A’yue China
Hello A’kai:
I’m writing this letter to confess something. This is the first time I’ve said this after marrying you so many years ago, and it feels embarrassing to say. I don’t know where to begin, so I’ll begin with my childhood.
When I was young, I often heard the grownups around me say that marriage is a woman’s second birth, and that in this society, where worship of wealth and materialism runs rampant, if you want to be free from worry about food and clothing and have a good life, you can only do so by marrying a wealthy, capable man. From that moment on, finding a capable man who could earn money became my standard for choosing a husband.
After I grew up, to realize my desire, I carefully screened my potential other halves. But, my aunt introduced me to a potential husband, a man who didn’t have a mouth full of flowery words, who was simple and honest, and who came from a poor family—you. You came suddenly into my life, and we broke up just as suddenly. I was entranced by the idea that “Money comes first,” and only wanted to find a wealthy, capable man. After you, I met a man who seemed to be the ideal I wanted to fall in love with, but he thought little of me, and in the end we went our separate ways, which was very distressing for me.

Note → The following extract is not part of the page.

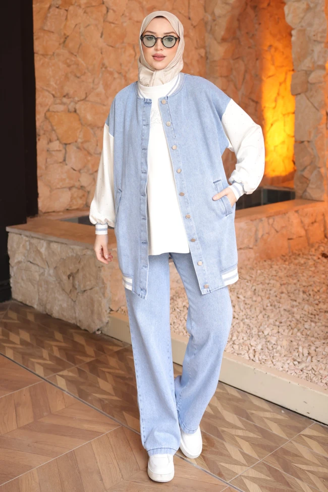* Ürün Detay : Takım, modern sokak stilini modest çizgileriyle harika bir şekilde birleştirmiş.Klasik kolej ceket formunda tasarlanması, takıma dinamik ve genç bir hava katmış. Denim gövde ile beyaz kolların kontrastı görsel bir derinlik sağlıyor. Uzun kesimi sayesinde tesettür giyim standartlarına tam uyum sağlamış.Pantolonun bol paça kesim tercih edilmesi hem konforu artırmış hem de ceketin salaş tarzını tamamlamış. Denim dokusuyla bütünlük sağlıyor.Ceket uçlarındaki ve kollarındaki çizgili ribana detayları, kolej stilini vurgulayan başarılı bir dokunuş.

That day, you and your parents came to see me and persuaded me to change my mind, and I reluctantly agreed. But did you know that I still regretted it? I saw you as having nothing, as someone who couldn’t give me the happiness I desired. I didn’t care about your feelings. I split up and reunited with you three times, all in pursuit of my own happiness. You tolerated my selfishness and waited for me, and that touched me, but I still wasn’t satisfied. This was also the moment I fell ill with a strange, painful condition that could only be controlled with medicine and for which the root cause couldn’t be treated. I was heartbroken and dejected, and I wondered why my life was so difficult. But this was also the moment you took up the burden and proposed to me. I didn’t know if you were trying to strike while the iron was hot or had another reason, but in my helpless state, I reluctantly agreed to marry you.